(Prompt): From the entries below, output the line with "Grafton ピンク 花柄" and each following line up to and including the line with "You will be", exactly as written.

(Data for review):
§ §

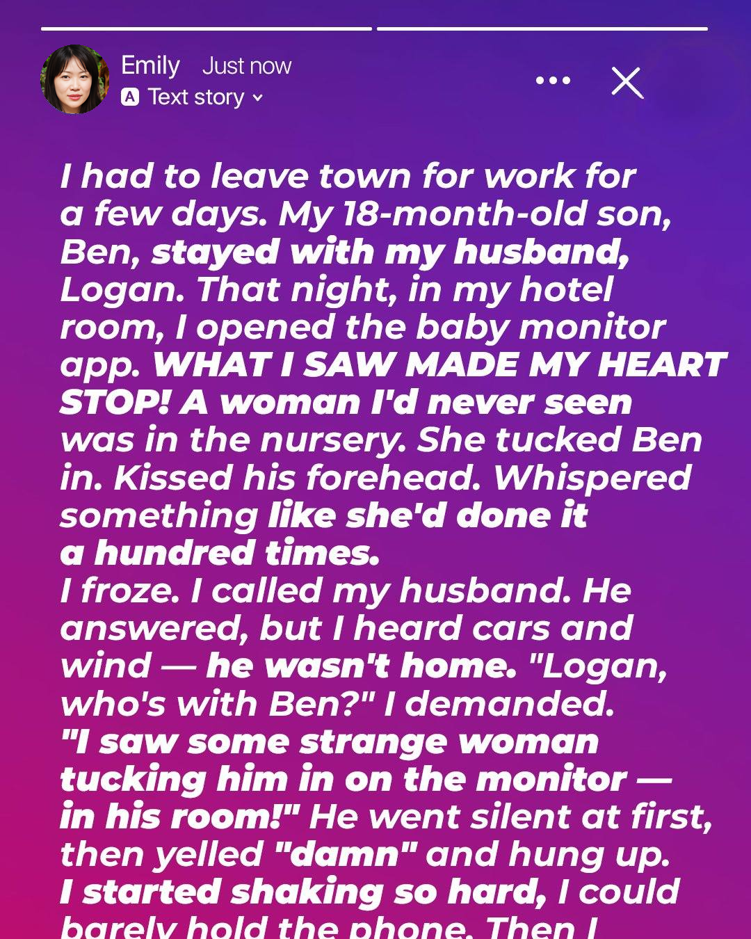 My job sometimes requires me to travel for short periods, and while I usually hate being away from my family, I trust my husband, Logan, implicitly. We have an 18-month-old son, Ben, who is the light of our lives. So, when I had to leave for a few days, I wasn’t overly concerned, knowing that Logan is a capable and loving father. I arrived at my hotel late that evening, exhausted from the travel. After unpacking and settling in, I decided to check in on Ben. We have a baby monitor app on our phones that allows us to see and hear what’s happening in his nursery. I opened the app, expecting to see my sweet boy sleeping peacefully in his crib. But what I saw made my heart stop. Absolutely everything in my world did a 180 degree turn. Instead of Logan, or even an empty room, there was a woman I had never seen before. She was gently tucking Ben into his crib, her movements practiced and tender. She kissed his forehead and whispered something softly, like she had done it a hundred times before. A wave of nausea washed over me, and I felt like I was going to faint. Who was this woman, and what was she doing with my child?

§ §

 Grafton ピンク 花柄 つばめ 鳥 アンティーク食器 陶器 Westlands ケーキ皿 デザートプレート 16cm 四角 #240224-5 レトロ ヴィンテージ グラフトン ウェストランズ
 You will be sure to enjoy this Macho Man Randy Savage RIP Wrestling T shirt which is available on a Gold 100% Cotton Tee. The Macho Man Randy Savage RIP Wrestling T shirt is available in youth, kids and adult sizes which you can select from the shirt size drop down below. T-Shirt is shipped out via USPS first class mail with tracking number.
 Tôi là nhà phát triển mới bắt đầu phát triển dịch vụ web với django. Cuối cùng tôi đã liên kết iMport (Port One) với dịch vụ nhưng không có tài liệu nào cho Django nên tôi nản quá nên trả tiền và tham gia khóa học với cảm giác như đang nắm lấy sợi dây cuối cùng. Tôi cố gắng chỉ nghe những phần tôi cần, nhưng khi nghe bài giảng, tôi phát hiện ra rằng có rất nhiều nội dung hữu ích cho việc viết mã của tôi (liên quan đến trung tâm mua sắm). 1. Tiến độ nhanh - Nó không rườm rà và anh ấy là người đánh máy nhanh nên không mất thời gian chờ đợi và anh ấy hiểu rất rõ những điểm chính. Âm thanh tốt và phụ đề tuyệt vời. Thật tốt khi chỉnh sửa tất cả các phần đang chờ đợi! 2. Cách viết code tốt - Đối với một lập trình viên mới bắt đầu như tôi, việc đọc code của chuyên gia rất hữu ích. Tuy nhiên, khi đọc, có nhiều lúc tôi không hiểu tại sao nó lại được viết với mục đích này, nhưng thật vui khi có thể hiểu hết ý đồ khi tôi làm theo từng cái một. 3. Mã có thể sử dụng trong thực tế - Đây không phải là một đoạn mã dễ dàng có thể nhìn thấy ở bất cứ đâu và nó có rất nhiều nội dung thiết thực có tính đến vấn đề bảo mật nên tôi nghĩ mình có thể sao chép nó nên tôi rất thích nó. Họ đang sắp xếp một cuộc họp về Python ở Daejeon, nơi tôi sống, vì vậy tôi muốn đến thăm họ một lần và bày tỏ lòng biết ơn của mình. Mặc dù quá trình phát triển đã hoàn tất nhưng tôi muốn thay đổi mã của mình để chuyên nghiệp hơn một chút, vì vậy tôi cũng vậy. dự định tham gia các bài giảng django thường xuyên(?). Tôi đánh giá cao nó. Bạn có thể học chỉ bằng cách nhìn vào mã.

§ §

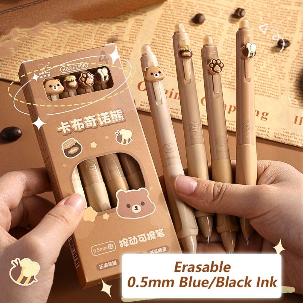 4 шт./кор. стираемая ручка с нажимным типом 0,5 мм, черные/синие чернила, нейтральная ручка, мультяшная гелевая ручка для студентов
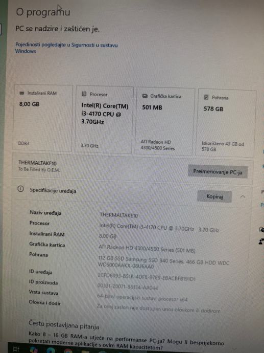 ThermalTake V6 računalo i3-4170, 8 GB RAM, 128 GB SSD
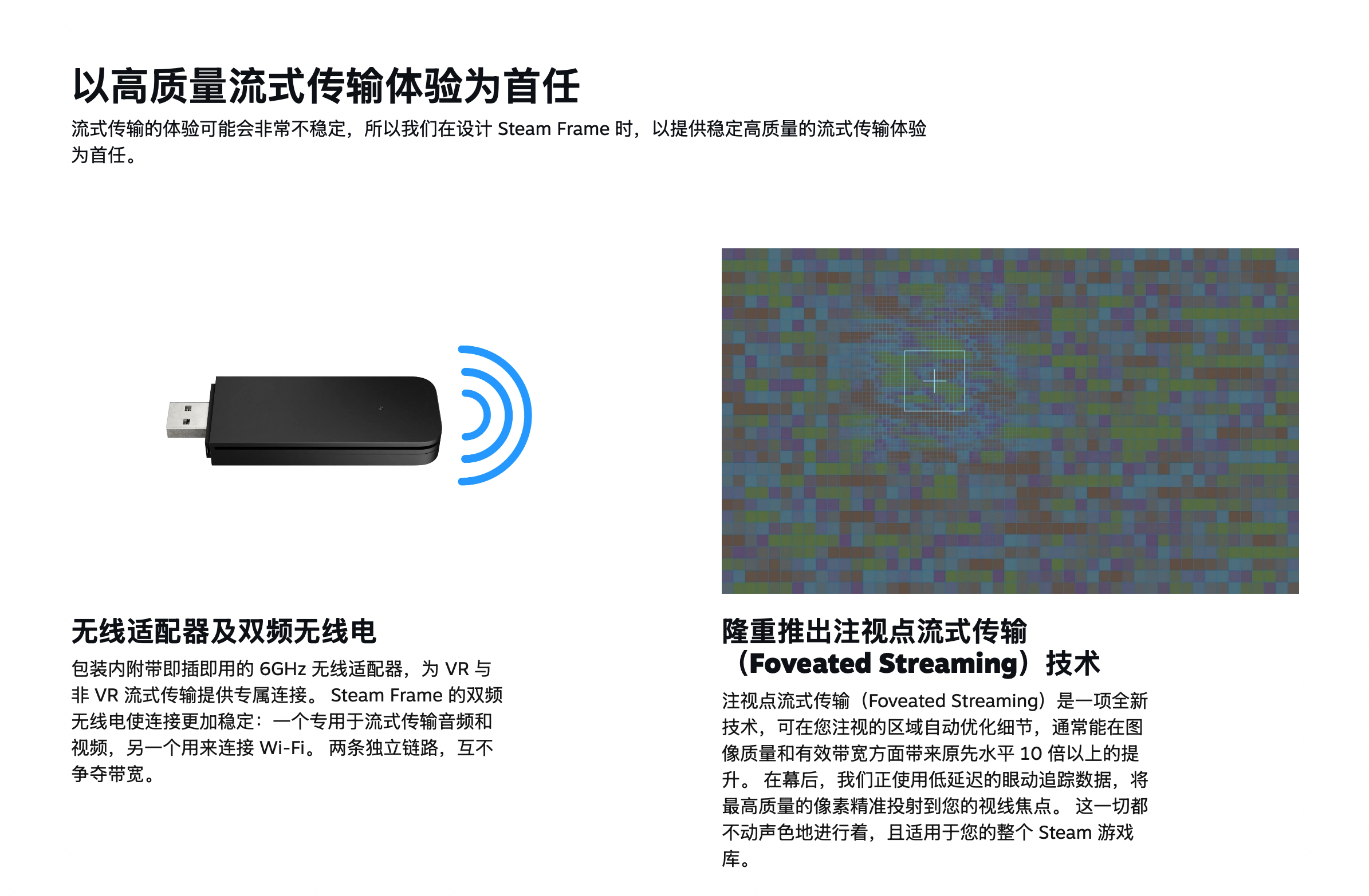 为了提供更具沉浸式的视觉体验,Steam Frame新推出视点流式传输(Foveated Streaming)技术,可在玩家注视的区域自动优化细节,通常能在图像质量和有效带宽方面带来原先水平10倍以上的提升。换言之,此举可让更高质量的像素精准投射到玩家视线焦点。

§ §

(The completed task):
 Grafton ピンク 花柄 つばめ 鳥 アンティーク食器 陶器 Westlands ケーキ皿 デザートプレート 16cm 四角 #240224-5 レトロ ヴィンテージ グラフトン ウェストランズ
 You will be sure to enjoy this Macho Man Randy Savage RIP Wrestling T shirt which is available on a Gold 100% Cotton Tee. The Macho Man Randy Savage RIP Wrestling T shirt is available in youth, kids and adult sizes which you can select from the shirt size drop down below. T-Shirt is shipped out via USPS first class mail with tracking number.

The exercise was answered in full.